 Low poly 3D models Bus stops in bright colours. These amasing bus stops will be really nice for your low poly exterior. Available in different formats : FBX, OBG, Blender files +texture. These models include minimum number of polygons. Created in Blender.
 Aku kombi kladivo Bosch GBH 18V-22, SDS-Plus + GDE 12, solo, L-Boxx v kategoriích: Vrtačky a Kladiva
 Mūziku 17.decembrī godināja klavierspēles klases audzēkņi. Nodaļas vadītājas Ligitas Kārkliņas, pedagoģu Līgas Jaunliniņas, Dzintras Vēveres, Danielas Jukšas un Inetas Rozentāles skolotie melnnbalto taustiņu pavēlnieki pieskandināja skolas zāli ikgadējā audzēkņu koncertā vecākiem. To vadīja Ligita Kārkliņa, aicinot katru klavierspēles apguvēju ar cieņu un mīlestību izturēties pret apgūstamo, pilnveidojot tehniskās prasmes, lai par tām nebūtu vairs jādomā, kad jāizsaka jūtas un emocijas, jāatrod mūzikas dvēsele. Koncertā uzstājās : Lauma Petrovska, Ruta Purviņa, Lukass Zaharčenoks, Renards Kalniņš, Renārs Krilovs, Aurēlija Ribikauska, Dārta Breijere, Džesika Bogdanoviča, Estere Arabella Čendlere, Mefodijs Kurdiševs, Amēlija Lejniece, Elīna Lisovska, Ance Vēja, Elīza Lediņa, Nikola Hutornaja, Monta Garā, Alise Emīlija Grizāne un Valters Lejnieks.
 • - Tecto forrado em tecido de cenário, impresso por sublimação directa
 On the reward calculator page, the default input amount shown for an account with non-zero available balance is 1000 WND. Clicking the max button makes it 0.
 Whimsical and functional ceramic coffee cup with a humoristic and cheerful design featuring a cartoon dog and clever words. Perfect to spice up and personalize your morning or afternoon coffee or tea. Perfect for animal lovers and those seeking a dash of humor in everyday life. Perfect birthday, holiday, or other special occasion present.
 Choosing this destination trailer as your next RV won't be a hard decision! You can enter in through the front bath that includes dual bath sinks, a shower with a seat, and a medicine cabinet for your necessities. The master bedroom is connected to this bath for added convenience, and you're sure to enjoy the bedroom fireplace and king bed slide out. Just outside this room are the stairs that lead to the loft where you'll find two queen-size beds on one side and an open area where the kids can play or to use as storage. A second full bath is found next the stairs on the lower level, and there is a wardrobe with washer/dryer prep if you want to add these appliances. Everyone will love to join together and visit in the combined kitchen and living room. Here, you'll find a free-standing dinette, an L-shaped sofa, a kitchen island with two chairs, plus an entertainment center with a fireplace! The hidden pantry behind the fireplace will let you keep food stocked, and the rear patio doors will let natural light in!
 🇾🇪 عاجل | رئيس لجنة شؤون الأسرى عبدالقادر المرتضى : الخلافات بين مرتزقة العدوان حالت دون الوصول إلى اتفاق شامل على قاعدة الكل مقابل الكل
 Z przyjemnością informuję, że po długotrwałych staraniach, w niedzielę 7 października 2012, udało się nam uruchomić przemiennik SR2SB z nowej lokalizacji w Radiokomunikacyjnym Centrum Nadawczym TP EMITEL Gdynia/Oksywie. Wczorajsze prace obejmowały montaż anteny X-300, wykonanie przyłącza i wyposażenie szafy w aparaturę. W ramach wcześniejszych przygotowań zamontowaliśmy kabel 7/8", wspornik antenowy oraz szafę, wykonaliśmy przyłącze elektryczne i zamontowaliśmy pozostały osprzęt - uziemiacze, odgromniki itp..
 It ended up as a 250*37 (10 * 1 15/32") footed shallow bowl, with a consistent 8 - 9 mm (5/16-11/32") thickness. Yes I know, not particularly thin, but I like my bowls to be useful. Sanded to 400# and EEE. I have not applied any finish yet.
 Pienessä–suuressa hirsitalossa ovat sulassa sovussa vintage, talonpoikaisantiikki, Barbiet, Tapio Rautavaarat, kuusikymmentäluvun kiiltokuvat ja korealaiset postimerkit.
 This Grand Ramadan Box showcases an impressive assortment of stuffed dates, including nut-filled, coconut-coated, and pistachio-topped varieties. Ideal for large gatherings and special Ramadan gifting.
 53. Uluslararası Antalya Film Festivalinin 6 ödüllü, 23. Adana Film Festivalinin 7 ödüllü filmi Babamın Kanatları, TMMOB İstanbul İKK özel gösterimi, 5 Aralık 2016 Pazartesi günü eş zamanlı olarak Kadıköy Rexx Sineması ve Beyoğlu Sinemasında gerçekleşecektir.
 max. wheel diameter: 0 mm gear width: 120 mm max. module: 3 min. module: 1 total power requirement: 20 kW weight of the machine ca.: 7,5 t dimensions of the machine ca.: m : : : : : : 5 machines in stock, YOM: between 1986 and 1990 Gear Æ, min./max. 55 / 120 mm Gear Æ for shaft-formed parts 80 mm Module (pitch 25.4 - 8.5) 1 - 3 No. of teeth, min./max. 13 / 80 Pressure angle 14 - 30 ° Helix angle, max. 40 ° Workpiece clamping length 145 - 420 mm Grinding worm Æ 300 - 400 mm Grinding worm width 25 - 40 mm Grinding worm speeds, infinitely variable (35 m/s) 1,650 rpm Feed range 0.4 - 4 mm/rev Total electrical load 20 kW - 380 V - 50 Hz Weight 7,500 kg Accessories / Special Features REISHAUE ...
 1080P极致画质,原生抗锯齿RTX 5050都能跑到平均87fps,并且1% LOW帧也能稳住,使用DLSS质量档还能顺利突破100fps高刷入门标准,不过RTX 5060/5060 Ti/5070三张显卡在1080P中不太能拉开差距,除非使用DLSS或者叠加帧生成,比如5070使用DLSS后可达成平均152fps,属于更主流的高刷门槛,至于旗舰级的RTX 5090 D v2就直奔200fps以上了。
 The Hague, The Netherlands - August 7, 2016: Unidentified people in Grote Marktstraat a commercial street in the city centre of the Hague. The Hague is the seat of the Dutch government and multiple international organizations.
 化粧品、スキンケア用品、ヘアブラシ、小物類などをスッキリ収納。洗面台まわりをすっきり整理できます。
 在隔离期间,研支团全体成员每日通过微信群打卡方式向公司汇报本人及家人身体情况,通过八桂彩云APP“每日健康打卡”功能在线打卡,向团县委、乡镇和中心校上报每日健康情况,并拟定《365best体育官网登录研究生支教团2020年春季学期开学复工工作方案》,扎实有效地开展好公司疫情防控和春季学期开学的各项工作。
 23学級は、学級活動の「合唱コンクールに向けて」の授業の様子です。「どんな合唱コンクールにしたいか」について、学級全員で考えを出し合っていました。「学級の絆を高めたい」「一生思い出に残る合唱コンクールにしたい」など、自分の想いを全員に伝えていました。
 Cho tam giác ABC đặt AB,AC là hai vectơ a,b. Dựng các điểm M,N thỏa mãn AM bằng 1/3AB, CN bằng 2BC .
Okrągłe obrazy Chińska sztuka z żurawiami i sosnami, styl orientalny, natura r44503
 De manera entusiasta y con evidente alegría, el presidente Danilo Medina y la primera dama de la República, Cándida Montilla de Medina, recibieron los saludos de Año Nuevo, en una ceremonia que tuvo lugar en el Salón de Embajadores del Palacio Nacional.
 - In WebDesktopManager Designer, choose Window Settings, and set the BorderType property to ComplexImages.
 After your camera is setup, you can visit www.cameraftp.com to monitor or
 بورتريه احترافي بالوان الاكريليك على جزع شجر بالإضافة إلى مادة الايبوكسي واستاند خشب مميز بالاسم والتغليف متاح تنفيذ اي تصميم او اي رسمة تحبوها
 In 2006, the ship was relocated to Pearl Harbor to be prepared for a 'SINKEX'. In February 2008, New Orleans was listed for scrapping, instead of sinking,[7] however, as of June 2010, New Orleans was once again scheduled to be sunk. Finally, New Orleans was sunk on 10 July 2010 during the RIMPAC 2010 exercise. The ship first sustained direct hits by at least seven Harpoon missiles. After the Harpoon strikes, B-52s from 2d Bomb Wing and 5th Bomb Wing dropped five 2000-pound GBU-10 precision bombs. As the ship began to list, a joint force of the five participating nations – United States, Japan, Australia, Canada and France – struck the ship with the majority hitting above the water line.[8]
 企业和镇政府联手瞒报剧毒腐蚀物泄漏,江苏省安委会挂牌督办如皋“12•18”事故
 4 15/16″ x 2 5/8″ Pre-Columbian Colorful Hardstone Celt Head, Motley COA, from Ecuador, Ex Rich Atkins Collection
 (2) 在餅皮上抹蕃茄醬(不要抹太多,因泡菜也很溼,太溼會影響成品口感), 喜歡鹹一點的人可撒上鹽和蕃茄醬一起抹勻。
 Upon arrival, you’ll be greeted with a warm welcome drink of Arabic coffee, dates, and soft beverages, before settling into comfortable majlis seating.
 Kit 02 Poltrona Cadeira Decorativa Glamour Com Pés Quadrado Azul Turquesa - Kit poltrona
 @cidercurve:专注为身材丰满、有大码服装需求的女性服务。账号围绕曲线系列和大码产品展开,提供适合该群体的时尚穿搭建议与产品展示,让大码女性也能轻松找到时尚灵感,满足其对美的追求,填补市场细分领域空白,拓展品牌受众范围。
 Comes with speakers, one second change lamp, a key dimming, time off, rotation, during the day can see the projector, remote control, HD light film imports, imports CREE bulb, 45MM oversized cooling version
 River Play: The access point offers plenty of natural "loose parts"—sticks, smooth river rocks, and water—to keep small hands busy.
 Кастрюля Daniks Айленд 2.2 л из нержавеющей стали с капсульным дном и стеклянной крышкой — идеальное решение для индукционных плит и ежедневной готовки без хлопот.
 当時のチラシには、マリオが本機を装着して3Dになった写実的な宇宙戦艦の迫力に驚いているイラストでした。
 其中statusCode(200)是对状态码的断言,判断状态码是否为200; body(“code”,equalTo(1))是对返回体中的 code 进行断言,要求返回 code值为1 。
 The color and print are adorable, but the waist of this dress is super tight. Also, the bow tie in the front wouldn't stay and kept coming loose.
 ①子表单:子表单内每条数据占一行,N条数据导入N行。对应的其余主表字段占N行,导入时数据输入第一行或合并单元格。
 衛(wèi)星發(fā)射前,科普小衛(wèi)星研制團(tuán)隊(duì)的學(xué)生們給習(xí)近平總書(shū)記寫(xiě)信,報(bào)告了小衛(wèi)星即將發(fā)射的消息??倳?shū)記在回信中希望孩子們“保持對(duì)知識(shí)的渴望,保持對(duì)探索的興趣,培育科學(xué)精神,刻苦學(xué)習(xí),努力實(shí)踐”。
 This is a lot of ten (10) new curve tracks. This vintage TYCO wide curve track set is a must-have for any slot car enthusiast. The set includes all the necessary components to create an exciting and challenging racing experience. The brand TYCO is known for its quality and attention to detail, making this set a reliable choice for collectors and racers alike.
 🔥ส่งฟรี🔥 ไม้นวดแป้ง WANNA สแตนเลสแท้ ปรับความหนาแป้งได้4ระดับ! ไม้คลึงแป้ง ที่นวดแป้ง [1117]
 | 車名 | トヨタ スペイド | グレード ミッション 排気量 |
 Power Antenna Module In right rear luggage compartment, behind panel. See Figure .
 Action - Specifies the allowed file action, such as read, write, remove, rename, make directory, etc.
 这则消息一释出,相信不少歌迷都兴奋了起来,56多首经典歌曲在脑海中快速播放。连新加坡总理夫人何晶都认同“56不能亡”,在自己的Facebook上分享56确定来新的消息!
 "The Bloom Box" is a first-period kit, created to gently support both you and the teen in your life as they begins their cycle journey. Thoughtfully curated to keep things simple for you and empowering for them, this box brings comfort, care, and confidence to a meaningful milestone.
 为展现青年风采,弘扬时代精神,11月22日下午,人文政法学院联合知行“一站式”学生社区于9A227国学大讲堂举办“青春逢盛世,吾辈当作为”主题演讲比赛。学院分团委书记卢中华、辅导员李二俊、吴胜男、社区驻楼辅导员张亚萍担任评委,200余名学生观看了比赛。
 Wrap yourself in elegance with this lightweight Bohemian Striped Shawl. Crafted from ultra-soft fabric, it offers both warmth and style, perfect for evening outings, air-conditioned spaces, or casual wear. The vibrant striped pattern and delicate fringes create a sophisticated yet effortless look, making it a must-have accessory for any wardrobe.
====
Copy out the lines above exactly, beginning at the one that contains "Pienessä–suuressa hirsitalossa ovat" and ending at the one that contains "This Grand Ramadan".

 Pienessä–suuressa hirsitalossa ovat sulassa sovussa vintage, talonpoikaisantiikki, Barbiet, Tapio Rautavaarat, kuusikymmentäluvun kiiltokuvat ja korealaiset postimerkit.
 This Grand Ramadan Box showcases an impressive assortment of stuffed dates, including nut-filled, coconut-coated, and pistachio-topped varieties. Ideal for large gatherings and special Ramadan gifting.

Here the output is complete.